Why Qcells Chose Georgia?

Qcells chose Georgia for its new recycling facility. The company already runs major solar projects in the state, which is a hub for solar energy. Expanding there allows Qcells to use existing infrastructure and a skilled local workforce.

This year, EcoRecycle will begin operations at a state-of-the-art facility in Cartersville, Georgia. At full capacity, it can recycle about 250 MW of solar panels each year—around 500,000 panels—recovering materials like aluminum, glass, silver, and copper. EcoRecycle plans to expand its centers across the U.S. to boost efficiency.

This move helps the local economy by creating jobs and promoting green technology. Georgia is key to U.S. solar growth. It’s an ideal place for a large-scale recycling program that can transform how the industry manages solar waste.

Jung-Kwon Hong, Head of Hanwha Qcells Manufacturing Group

“As the U.S. moves towards a more sustainable and self-reliant solar industry, EcoRecycle by Qcells is committed to pioneering innovative recycling technologies that not only reduce environmental impact but also create economic opportunities. Through strategic investments and cutting-edge solutions, we are positioning ourselves as a leader in the circular economy, ensuring that solar energy remains a truly renewable and responsible power source.”

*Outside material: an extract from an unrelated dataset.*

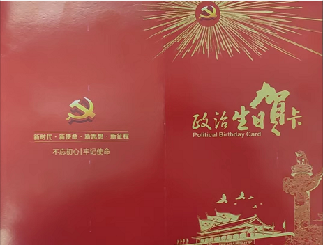 此次活动以观看党史视频、重温入党誓词、赠送生日贺卡方式展开。旨在将党史学习教育和理想信念教育紧密结合起来,进一步学习领会习近平总书记的重要讲话精神。用党的奋斗历程和伟大成就鼓舞斗志、明确方向,用党的光荣传统和优良作风坚定信念、凝聚力量,用党的实践创造和历史经验启迪智慧、砥砺品格。
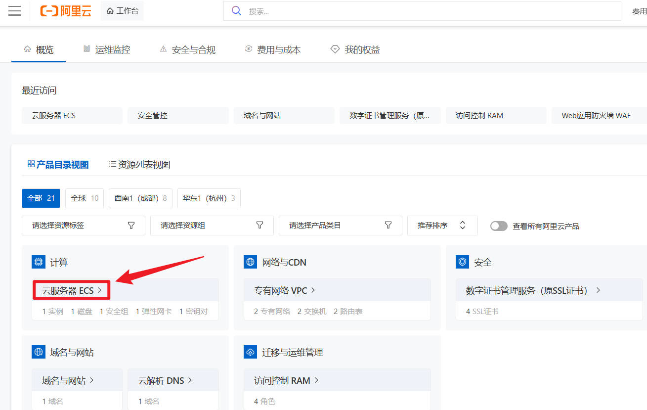 点击进入云服务器ECS模块。

What Makes EcoRecycle Important for Solar Waste?

Solar panels typically last 25 to 30 years. As older panels reach the end of their life, they create a waste problem. Currently, less than 10% of solar panels are recycled. Most end up in landfills, wasting valuable materials like glass, aluminum, silicon, and silver.

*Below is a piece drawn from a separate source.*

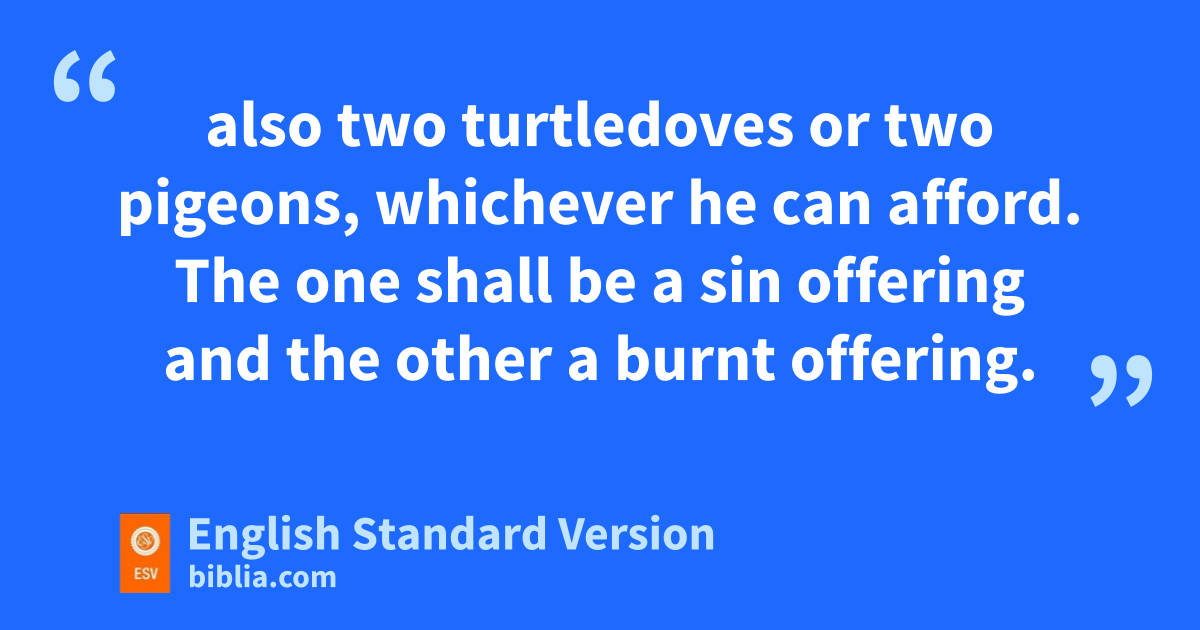 21 “But nif he is poor and cannot afford so much, then he shall take one male lamb for a guilt offering hto be waved, to make atonement for him, and a tenth of an ephah of fine flour mixed with oil for a grain offering, and a log of oil; 22 oalso two turtledoves or two pigeons, whichever he can afford. The one shall be a sin offering and the other a burnt offering. 23 pAnd on the eighth day he shall bring them for his cleansing to the priest, to the entrance of the tent of meeting, before the Lord. 24 qAnd the priest shall take the lamb of the guilt offering and the log of oil, and the priest shall wave them for a wave offering before the Lord. 25 And he shall kill the lamb of the guilt offering. rAnd the priest shall take some of the blood of the guilt offering and put it on the lobe of the right ear of him who is to be cleansed, and on the thumb of his right hand and on the big toe of his right foot. 26 And the priest shall pour some of the oil into the palm of his own left hand, 27 and shall sprinkle with his right finger some of the oil that is in his left hand seven times before the Lord. 28 And the priest shall put some of the oil that is in his hand on the lobe of the right ear of him who is to be cleansed and on the thumb of his right hand and on the big toe of his right foot, in the place where the blood of the guilt offering was put. 29 And the rest of the oil that is in the priest’s hand he shall put on the head of him who is to be cleansed, to make atonement for him before the Lord. 30 And he shall offer, of the sturtledoves or pigeons, whichever he can afford, 31 one5 for a sin offering and the other for a burnt offering, along with a grain offering. mAnd the priest shall make atonement before the Lord for him who is being cleansed. 32 This is the law for him in whom is a case of leprous disease, who cannot afford tthe offerings for his cleansing.”

Qcells wants to change this with EcoRecycle. The goal is to recover key materials and reuse them in new products. By keeping these materials in circulation, Qcells helps reduce emissions tied to mining and production, which are crucial steps in fighting climate change.

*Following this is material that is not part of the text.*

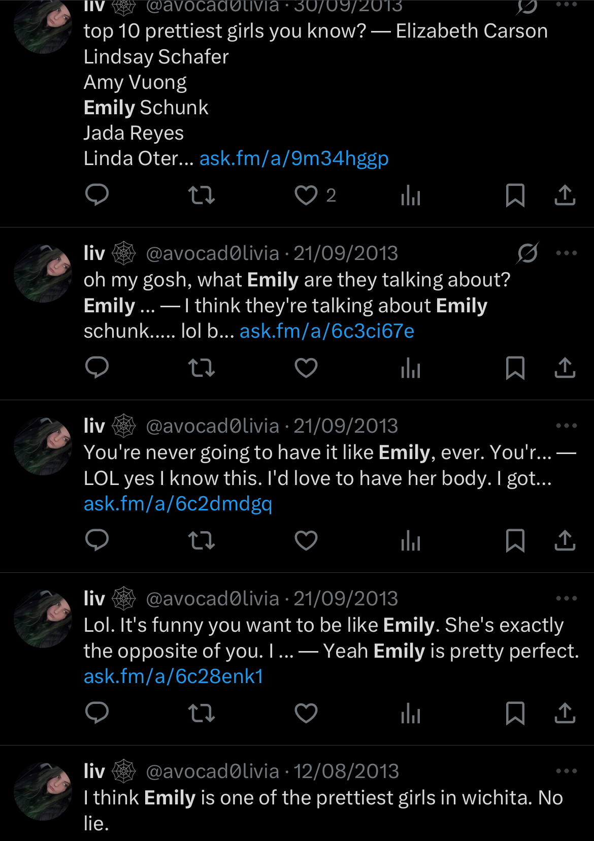 >>942663230>>942663216>>942663176she legit was. not even baiting. you do realize he was in her top 5 most watched last year? like you do realize she watches him often

Kelly Weger, Senior Director of Sustainability at Hanwha Qcells said,

“With this new business, Hanwha Qcells will emerge as the first-ever crystalline silicon (C-Si) solar panel producer to possess a full value chain, conducting both solar panel manufacturing and recycling on U.S. soil. Effectively managing solar waste is essential to ensure the long-term sustainability and resilience of the clean energy sector. We’re proud to be leading the charge with the launch of EcoRecycle by Qcells.”

To boost its recycling efforts, Qcells partnered with Solarcycle, a company that specializes in solar panel recycling. Solarcycle uses innovative technology to separate valuable components from old panels. These parts, like silicon and precious metals, can be reused to make new panels.

This partnership allows Qcells to recycle more efficiently. It also shows how collaboration can help the solar sector adopt greener practices.

• READ MORE: SolarBank’s $49.5M Qcells Deal Accelerates U.S. Solar Growth – Exclusive Interview with CEO Dr. Richard Lu 

Recycling Solar Waste and Its Impact on the Environment

As global demand for solar energy grows, solar panel installations are rapidly increasing. At the same time, concerns are rising about carbon emissions from panel production and how to manage solar waste.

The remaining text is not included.